Data shown
***

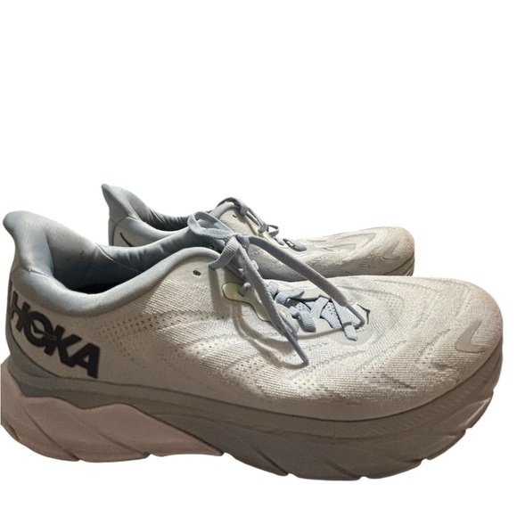 Hoka Arahi 6 shoes, women’s size 10.5B, running shoes with stability. Light gray with blue accents.
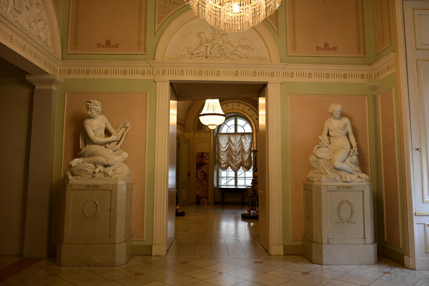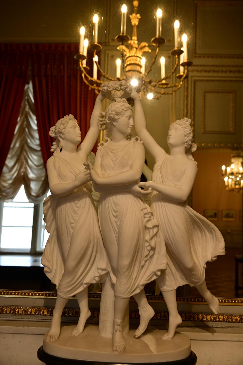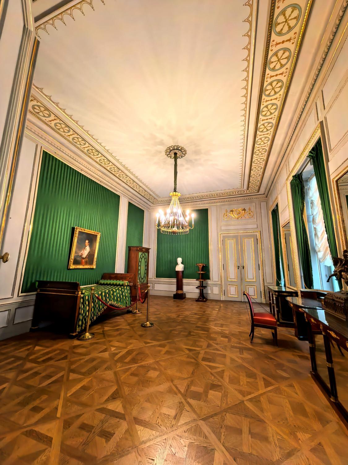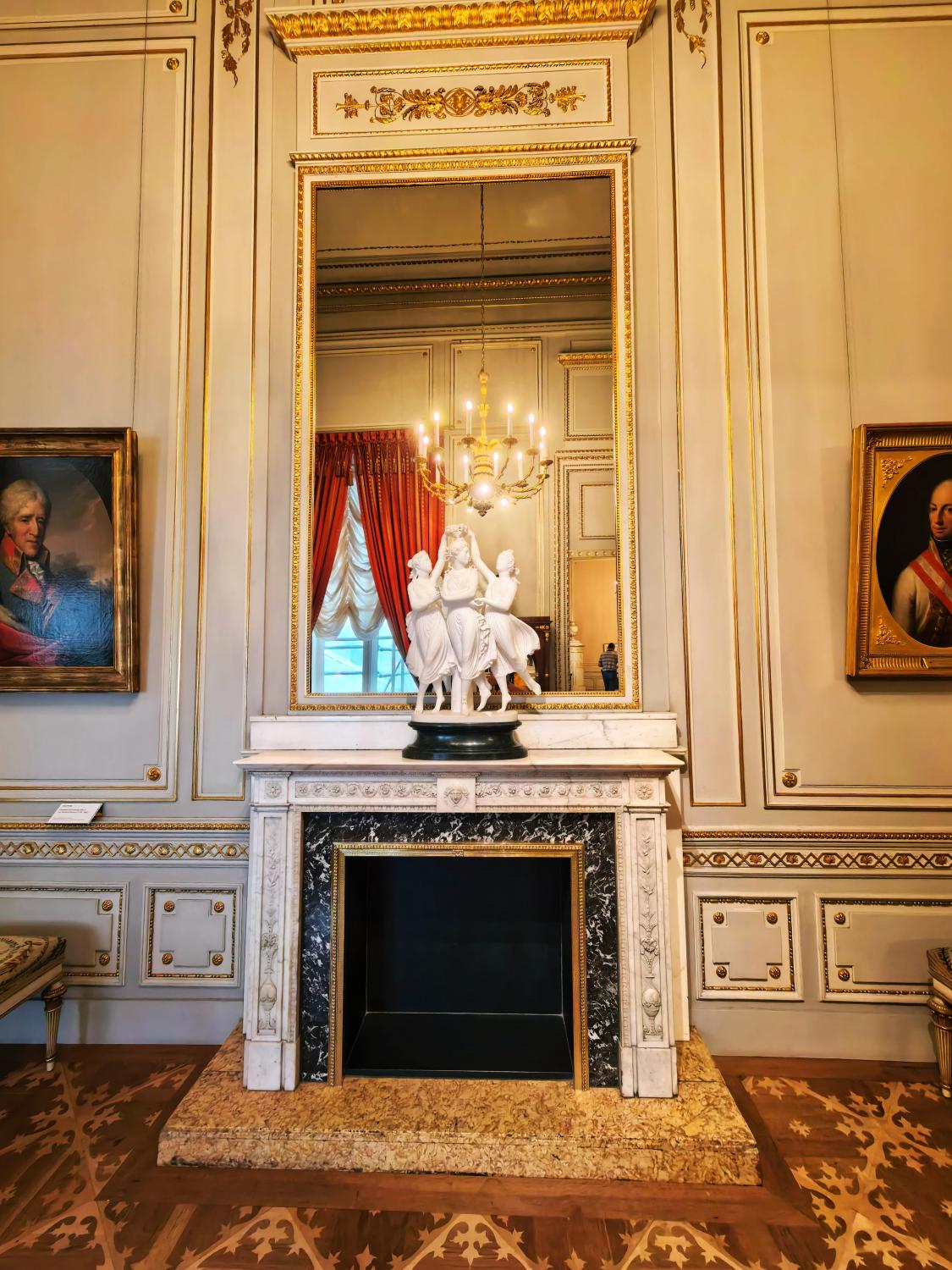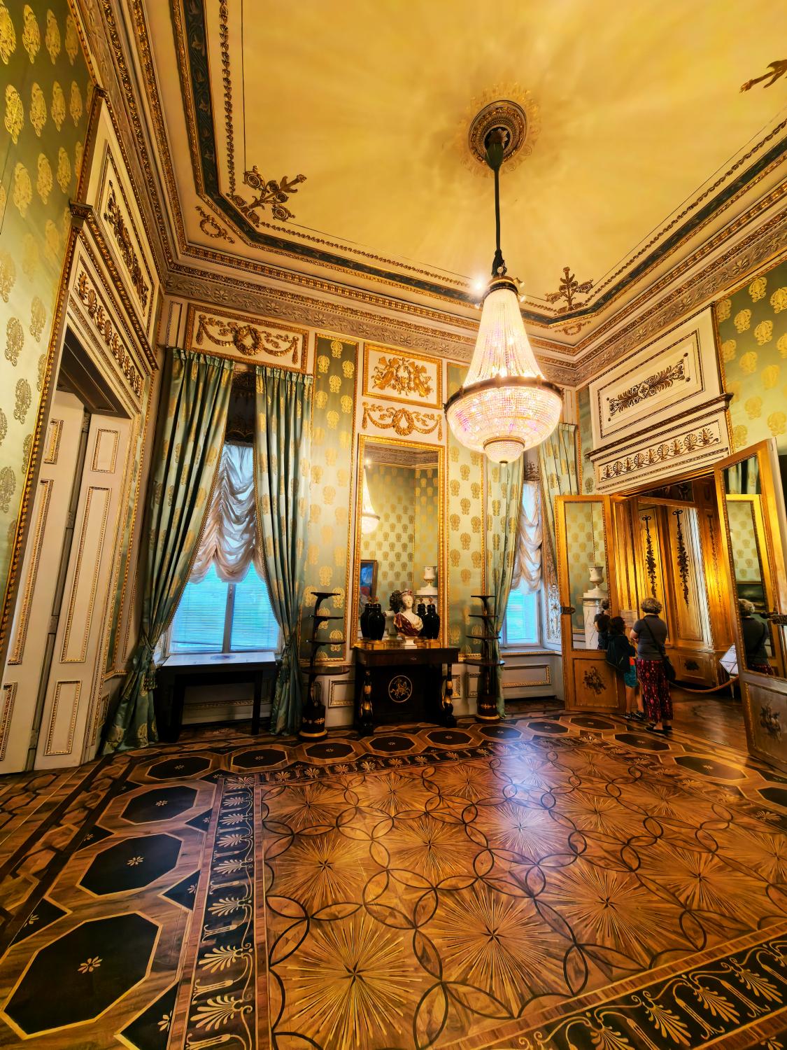 1794年公爵夫妇正式入住后,并未满足于初始规模,于是又委托建筑师路易・约瑟夫・蒙托耶对建筑进行大幅扩建。这次工程不仅拆除了周边的部分旧城墙,还将邻近的奥古斯汀修道院遗迹整合进了宫殿范围,进一步扩大了空间;同时对外立面进行重塑,采用对称的柱廊与山花设计,强化新古典主义的庄重感,内部则新增大理石柱廊、穹顶浮雕与路易十六式家具,让建筑既有皇室居所的奢华,又兼具新古典主义的典雅秩序,奠定了其核心建筑格局。
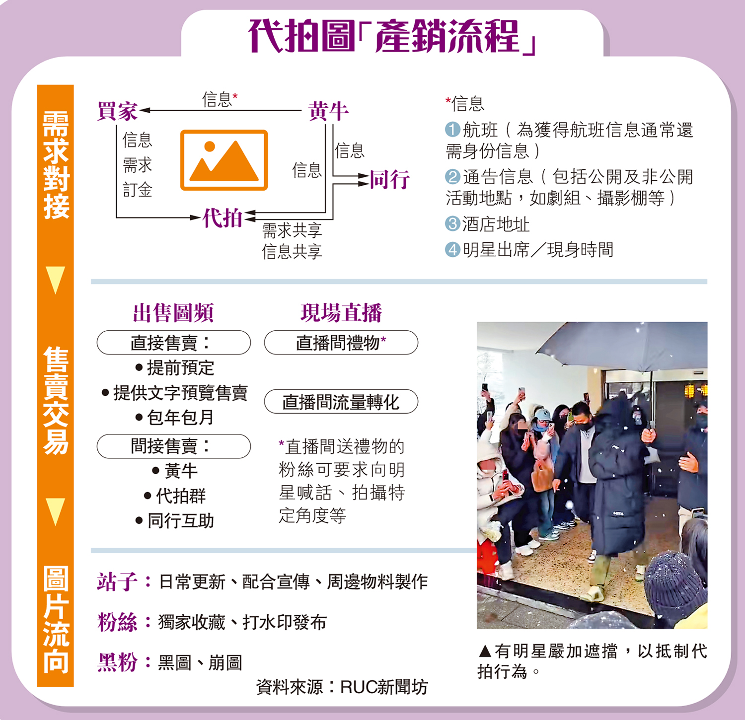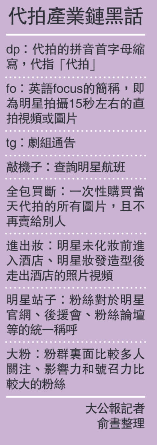 (大公報記者 俞晝)「接敲機子,手快嘴嚴」「接XX到達dp,可圖可fo可視頻」大公報記者在潛入內地某代拍群後,每天都能刷到諸如此類的行業黑話。「敲機子」代指「付費查詢明星航班信息」,「dp」即「代拍」,「fo」即「focus直拍」……從明星行程跟蹤到代拍賣圖牟利,每個環節都有其專屬暗語。「黃牛」倒賣信息,代拍現場拍攝,「粉絲」一擲千金,一條市場龐大、隱蔽性高的產業鏈逐漸支撐起這片粉絲經濟的灰色地帶。「15元(人民幣,下同),一杯奶茶的價格,就能買到劇組通告。」公眾人物的每一次曝光,都成為了明碼標價的「生意」。

***

Task
Only the pictures in the listing above get left out; print everything else exactly.

Exercise answer
 Hoka Arahi 6 shoes, women’s size 10.5B, running shoes with stability. Light gray with blue accents.
 1794年公爵夫妇正式入住后,并未满足于初始规模,于是又委托建筑师路易・约瑟夫・蒙托耶对建筑进行大幅扩建。这次工程不仅拆除了周边的部分旧城墙,还将邻近的奥古斯汀修道院遗迹整合进了宫殿范围,进一步扩大了空间;同时对外立面进行重塑,采用对称的柱廊与山花设计,强化新古典主义的庄重感,内部则新增大理石柱廊、穹顶浮雕与路易十六式家具,让建筑既有皇室居所的奢华,又兼具新古典主义的典雅秩序,奠定了其核心建筑格局。
 (大公報記者 俞晝)「接敲機子,手快嘴嚴」「接XX到達dp,可圖可fo可視頻」大公報記者在潛入內地某代拍群後,每天都能刷到諸如此類的行業黑話。「敲機子」代指「付費查詢明星航班信息」,「dp」即「代拍」,「fo」即「focus直拍」……從明星行程跟蹤到代拍賣圖牟利,每個環節都有其專屬暗語。「黃牛」倒賣信息,代拍現場拍攝,「粉絲」一擲千金,一條市場龐大、隱蔽性高的產業鏈逐漸支撐起這片粉絲經濟的灰色地帶。「15元(人民幣,下同),一杯奶茶的價格,就能買到劇組通告。」公眾人物的每一次曝光,都成為了明碼標價的「生意」。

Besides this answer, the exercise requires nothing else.